Het tweede probleem van een identificatie met Barak is de tegenstander. Barak was de generaal van Debora (1203-1163) en zijn tegenstanders waren de Kanaänieten, terwijl Bedan tegen de Filistijnen vocht; zie hier.

Het derde en laatste probleem is chronologisch. Gideon (1212-1172), Jefta (1106-1100) en Samuel (1064-1052) staan op de juiste volgorde. Gideon was een tijdgenoot van Debora, en werd ook tegen de Kanaänieten gezonden; opnieuw, zie hier. Uit de twee hoofdstukken over Debora (Richt 4-5) kan je concluderen dat, na de verlossing van de Kanaänieten, heel Israël bevrijd was. De onderdrukking door Bedans Filistijnen kan dan alleen na Gideons en Debora’s tijd begonnen zijn.

Ook de andere identificaties lopen tegen obstakels aan. Volgens de Targum is Bedans naam een afkorting van ben Dan, zoon van Dan, en is hij Simson (1104-1084); Simson kwam uit de stam Dan. 2 Het probleem wordt opnieuw chronologisch: Simson kwam na Jefta, niet voor hem.

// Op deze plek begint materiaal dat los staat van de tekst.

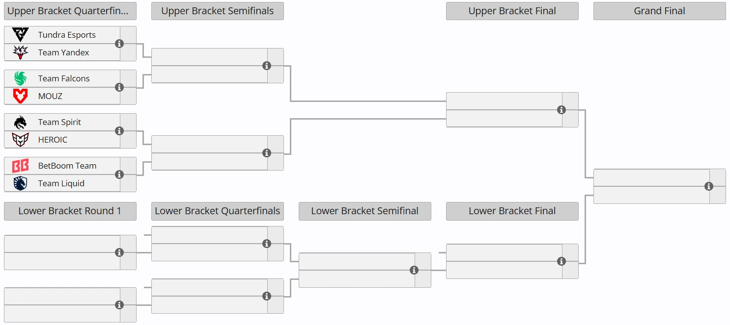 В первом раунде плей-офф BetBoom Team встретится с Team Liquid, Team Spirit сыграет против Heroic, Team Falcons — с MOUZ, а Tundra Esports — с Team Yandex. Начало матчей запланировано на 28 октября в 14:00 по Астане.

Bedan zou Abdon (1083-1075) zijn, die ook na Jefta kwam, of zelfs een bijnaam van Gideon of Jefta. 3 Het probleem met het idee van de bijnaam is dat Bedans tegenstanders Filistijnen zijn.

Dit zijn voor zover ik weet alle identificaties. Geen van allen past net zo goed als de mogelijkheid dat Bedans geschiedenis, om wat voor reden dan ook, niet in het boek Richteren staat. Het is daarom dat ik daar vanuit ga.

Aanwijzingen voor zijn bestaan

Naast die ene opmerking van Samuel in 1 Samuel 12:11 zijn er nog een paar dingen die met Bedan te maken hebben. Als eerste is dat de opmerking dat Bedan Israël verloste van een onderdrukker; hij werd door God gezonden, die Israël redde “uit de hand van uw vijanden rondom u, zodat u veilig woonde” (1 Sam 12:11). Deze onderdrukker kan worden geidentificeerd met de Filistijnen die Samuel twee verzen eerder noemt, en dan in 1124 werd verslagen; zie hier.

Bedans bestaan verklaart een aantal getallen. Als u het overzicht van mijn chronologie bekijkt en gaat tellen aan de linkerkant van het schema, de kant van Israël, valt op dat zowel over Juda als over het tienstammenrijk in totaal 20 koningen heersten. Het getal 20 schijnt in de Bijbel voltooiing te betekenen. Tussen Mozes en Saul waren er slechts 19 leiders en richters, inclusief Jaël. Het waren er alleen 20, het getal van de voltooiing, als Bedan meegeteld wordt.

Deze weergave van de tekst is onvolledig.